Electrification – rail professionals must take charge

Posted: Monday 28th April 2008 | From Railnews May 2008 print edition by Jeremy Candfield

Jeremy Candfield, director general, Railway Industry Association

ELECTRIFICATION is back on the industry’s agenda.  There has been a rapid growth in interest since last summer. Cross-industry groups are meeting; there are signs that the business case may be significantly stronger than had been thought; the environmental issues are becoming more prominent all the time; Government is sounding more interested.

RIA would welcome seeing more of the railway electrified.  Scotland is moving strongly in that direction.  Elsewhere the decision has not yet been taken, but it is looking increasingly possible that it will be.

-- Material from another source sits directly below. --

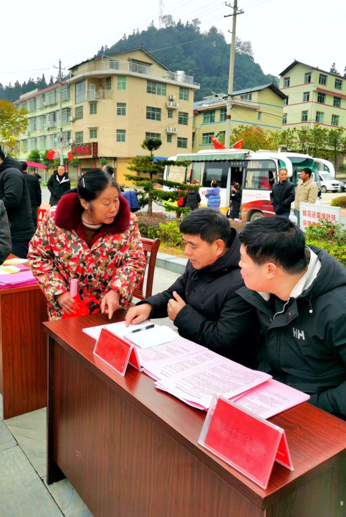 2020年1月13日在会同县漠滨侗族苗族乡三下乡活动现场,工作人员正在为群众解答扶贫政策。

And, as the organisation representing the supply industry – manufacturers, consultancies, contractors, leasing companies, specialist service providers – we want it to be delivered as efficiently and effectively as possible. 

That means planning: thinking through the issues that, if addressed now – or very soon – will make a big difference to programme, cost, quality and risk in a few years’ time.  Much of the rolling stock supply industry was devastated in the mid-1990s by lack of planning in the way trains were ordered: virtually three years with not a single main-line car ordered, then four thousand ordered in the few years immediately afterwards.

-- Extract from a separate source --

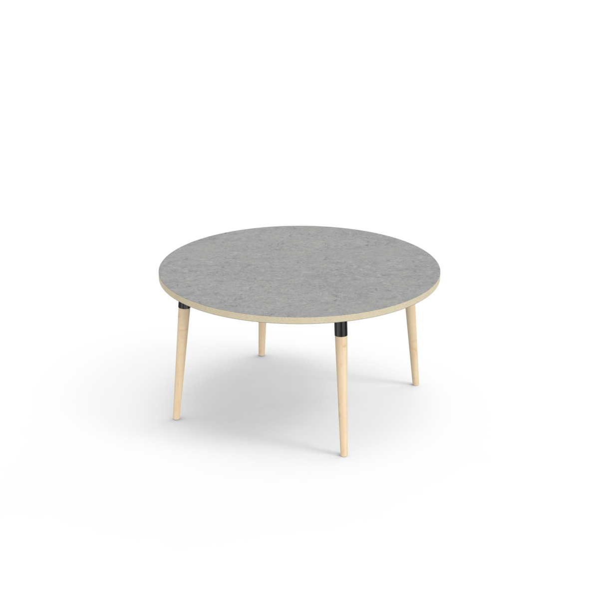 Bordsskiva belagd med akustik linoleum, vilket ger en mjuk och behaglig yta samtidigt som det bidrar till en bättre ljudmiljö. Med en hörnradie på 40 mm får bordet en modern och stilren design. Benen är konade och tillverkade av klarlackad massiv björk och monterade i en robust svart metallhylsa. Denna konstruktion garanterar både stabilitet och hållbarhet. Benen är något snett vinklade ut mot bordsskivans hörn. Monteringen är enkel och smidig – du behöver bara fästa metallhylsorna i de förberedda fästpunkterna i bordsskivan.

Feast and famine is hugely inefficient for the entire sector, as supply companies – and the people who work for them – already know to their cost only too well.  On current projections, we do have time to plan how electrification should best be done. It is vital that we do so, and it is for railway professionals to say so: it is no good blaming politicians or other decision-takers when it is too late.

Despite the fresh look at the business case, the cost of overhead electrification remains an issue.  RIA members – small and large companies – are responding very positively to a challenge from Network Rail: drive down the cost of electrifying lightly-used route sections, especially around the big cities, and cut the disruption to the railway caused by installing it.

It’s a good call.  Like many others – including Network Rail – we think there’s much that can be done by changing processes and specifications and simplifying some of the ways we do things. So far the work looks promising.  We hope that it will lead to a demonstration project as part of planning for a wider programme.

But planning is really important for another reason too: to ensure that the skilled workforce and the plant it needs are there and available when they are needed.  Outside Scotland, little new overhead electrification work is currently programmed and skilled people have left the sector.  Yet a good many diesel multiple units will fall due for replacement in the next decade, either by more DMUs or by electric trains.  And there may well be a good case before then for main-line electrification as well, or more infill.

Growing our ability to electrify the railway means increasing the number of skilled people available, including the project managers needed to ensure that staff work efficiently.  There are other businesses outside the railway that want those people, and a lot of demand for specialist skills to help in the rapid expansion of railways in many other countries.

So it’s important that we develop a qualifications structure to encourage training, and we are looking at that with Network Rail.  Companies and their people do, however, need more than a qualifications structure alone: they need a reasonable degree of confidence that the work will come through, especially against the fairly volatile demand we have had in the past.

The need, then, is for a steady and managed increase in workload as part of a rolling programme – a continuing baseload that gives employers the confidence to recruit and train and employees the confidence to participate.  Without that confidence, the easy solution is all too often to poach staff and drive up costs in the process, to the loss of the railway as a whole.

Generating the momentum for a full programme in a few years may mean having another look at the industry’s investment plans before then. We don’t know yet, but it is possible.  It will depend on the size and make-up of the renewals programme, whether it will produce the skills needed for new work and, of course, on the timing.  But pro-active management and planning of the supply chain will be essential. It is too important to repeat the mistakes of the past.

- Based on a presentation by Jeremy Candfield given on 15 April at the Railway Forum/Railway Engineers Forum ‘Choosing Sustainable Power’ seminar and available at www.riagb.org.uk.